As a Chinese-Canadian, I’ve observed how different dishes are transformed from country to country and sometimes emerge as an interesting hybrid. A number of North American Chinese dishes are not known in China. In a similar way, Australia seems to have developed a number of food items that have taken on local identities. My pal, James, who’s been in Sydney about a year reminded me of the Chicken Parmiagiana phenomenon here.
Melanzane alla parmigiana from Southern Italy was the original dish, according to some sources: fried eggplant with a sprinkling of breadcrumbs and parmesan. Cooks applied this technique to other vegetables, but in Italy, not to meat. Home cooks in the USA in the 50s decided to amp up this dish, breading and deep-frying either chicken or veal, smashed into a thin patty, covered in tomato sauce and then with enough melted cheese on it to form a thick shiny layer.

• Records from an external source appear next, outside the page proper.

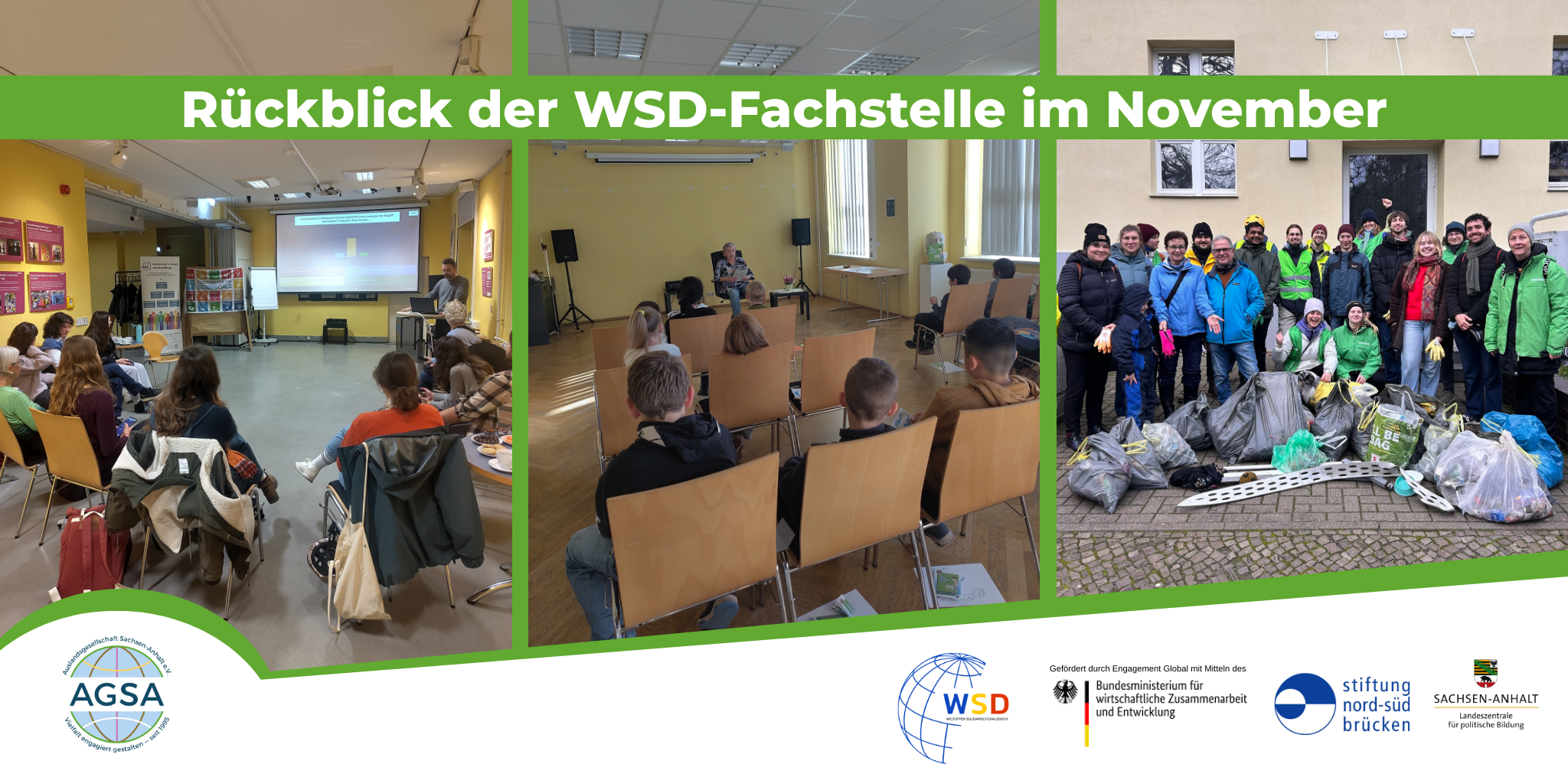 Im November hat die WSD-Fachstelle der AGSA drei vielseitige Veranstaltungen umgesetzt: den monatlichen SDG-Club zum Thema Geschlechtergerechtigkeit, eine Vorlesestunde zum bundesweiten Vorlesetag sowie eine Müllsammelaktion zur Europäischen Woche der Abfallvermeidung.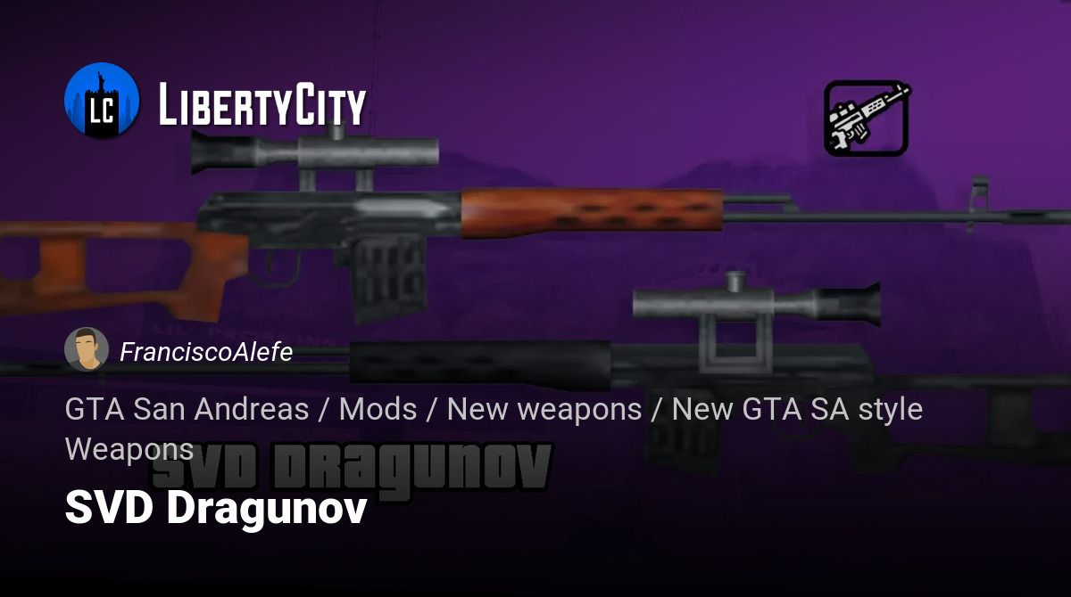 As I promised, I made the SVD - our domestic sniper rifle from the times of the USSR. -Normal, not blurry textures -New icon in SA-style -Icon for GTA IV Hud -Feels good in the hands -New high-quality sight -Realistic settings -And, of course, repla...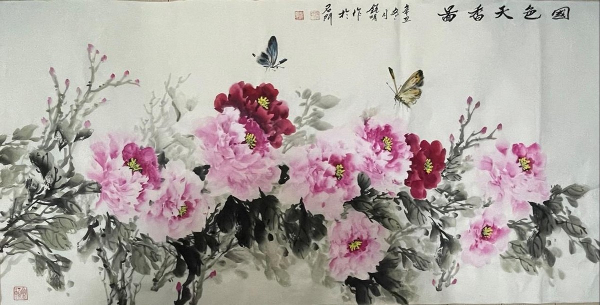 作品讲述:牡丹自古就是富贵之花,具有国色天香的气质。画家用没骨手法、淡雅的色彩画出粉色牡丹,加上几朵深色牡丹和飞舞的蝴蝶,彰显出了春天牡丹园的醉人景象。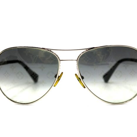 Rammen er i sølvfarvet metal, med logoinitialerne 'LV' langs omkredsen af fronten – Armene er i grafitbelagt stof med et damier-mønster, afsluttet med en del i sølvfarvet metal – Glasene har et knudemønster af reb, ikonisk for Christopher Nemeth.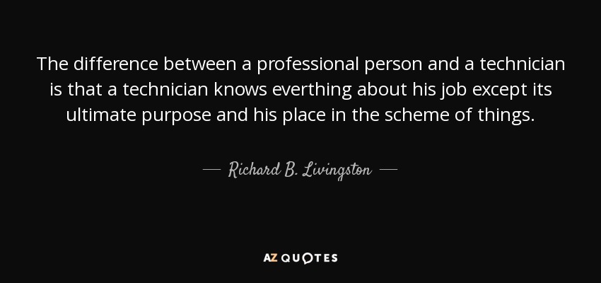 The difference between a professional person and a technician is that a technician knows everthing about his job except its ultimate purpose and his place in the scheme of things.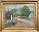 "Parti fra en landsby" Oliemaleri på lærred i forgyldt ramme. Maleriet er netop blevet renset og har fået slut fernis.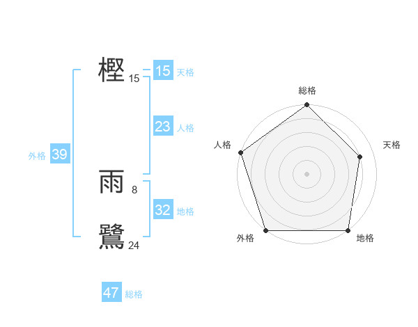 樫 雨鷺さんの総格は47画の5点!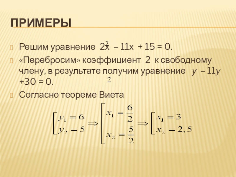 Слайд 14 Решение уравнений с использованием теоремы Виета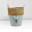 H&S Collection 45.5cm Teal Straw Basket Pot Cover
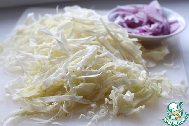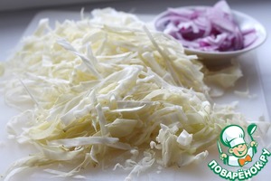 Капусту мелко нашинковать, красный лук нарезать тонкими полукольцами.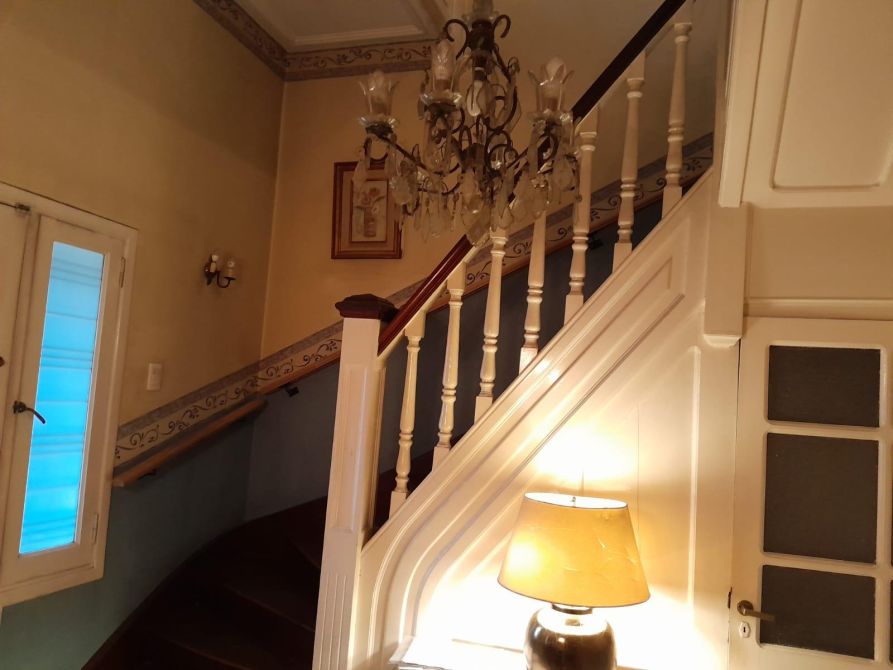 Porch, Hall de entrada, Living y Comedor, Toilette de recepción, muy amplio Estar y Comedor diario, Cocina muy bien equipada con sector de Desayunador con salida directa a muy amplia Galería semicubierta. Dependencias de Servicio. Parrilla, Pileta de natación y Cochera cubertas para 2 o 3 autos y entrada para varios más.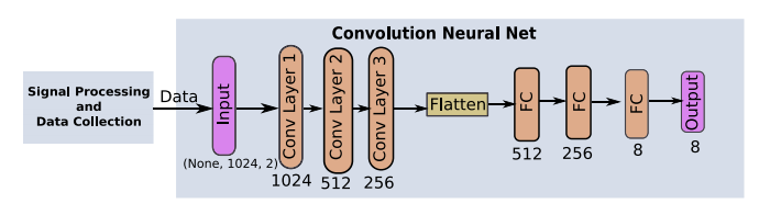 为了捕捉I/Q值之间的相关性,首先实现了一个卷积神经网络(CNN)。本文使用三个分别具有1024、512和256个滤波器的conv2D层、一个Flatten操作和三个大小分别为512、256和8个节点的完全连接(FC)层来实现CNN,如图4所示。本文使用在每个conv2D和密集层之后的Dropout分别为0.25和0.5。本文还在每个Conv2D层使用内核大小(2,3)和步幅(2,2)。本文在每个conv2D层之后应用一个池化层MaxPooling2D,池大小为(2,2),步幅为(2,2)。本文对所有卷积层和全连接层使用ReLU激活,最后一个使用softmax。最后一层中的节点数根据数据集具有的类数而变化。本文使用基于Adam(学习率为10^(-3))的优化和分类交叉熵训练。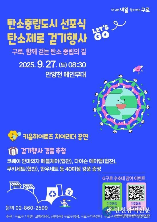 [인천광역신문] 최훈 기자 | 구로구가 오는 27일 오전 8시 30분 안양천 구로G페스티벌 메인무대에서 ‘구로, 함께 걷는 탄소중립의 길’을 주제로 ‘탄소중립도시 구로’ 선포식을 개최한다.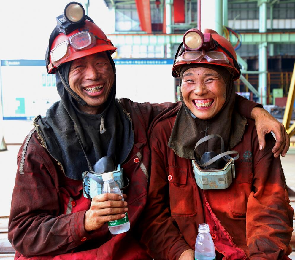 工作人员和妻子一边喝水一边合影,露出灿烂的笑容。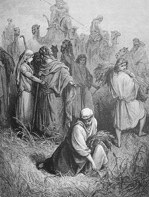 После смерти мужа и сыновей Наоми вдова Элимелеха, решила вернуться в родной Бейт-Лехем вместе со своей вдо́вой невесткой. Однако вскоре выяснилось, что им не на что жить на родине. И тогда Рут отправилась собирать на полях колоски, забытые и оброненные жнецами. Это было вполне логично – согласно Торе, каждому земледельцу следовало оставлять опавшие колоски, дабы их могли подобрать бедные и нуждающиеся: «Когда будете жать жатву на земле вашей, не дожинай до края поля твоего, и оставшегося от жатвы твоей не подбирай, и виноградника твоего не обирай дочиста, и попа́давших ягод в винограднике не подбирай; оставь это бедному и пришельцу» (Ваикра, 19:9:10). Поэтому, когда Боаз, владелец поля (оказавшийся родственником Наоми), обнаружил на своем поле не только своих работников, он ничуть не удивился и лишь поинтересовался, что это за женщина (см. Рут, 2:5).

And so to Australia. Veal isn’t so popular here, but chicken is. Pubs serve beer and food, and if you haven’t been to Australia, you might not know that the pubs here are huge. At one time, pubs were only allowed to serve drinks to travellers, so they added a few rooms on the floor above the bar, which usually takes up the entire ground floor, and many of the bars here still have the word ‘hotel’ in their name. The food served is often cheap, hearty, quick fare, best eaten with beer while watching sport on the TVs hanging from the ceiling or projected on the wall.
Thus the chicken parmiagiana (or parma, for short) is an Australian pub classic, and even pubs that have relatively modern menus bow to tradition and put chicken parma on the menu. There are blog sites dedicated to finding the best chicken parma in Australia. This fellow ate one chicken parma a week for an entire year.
I’ve had the dish many a time in my years in Australia (though often order the chicken schnitzel, or schnitty for short) but James seems to be making himself an expert, and said indeed, that the one at the Parkside Bar at the Bat & Ball in Redfern was one of the best he’s had, maybe in the top 3 out of around 20. That’s an impressive ranking.
Mine was delicious, and the serving of fried kale on the side I thought gave it a modern edge (rather than with fries!). The pub itself has a good vibe, fairly empty that Friday night though people were watching comedy in a back room, with 80s retro music a little loud.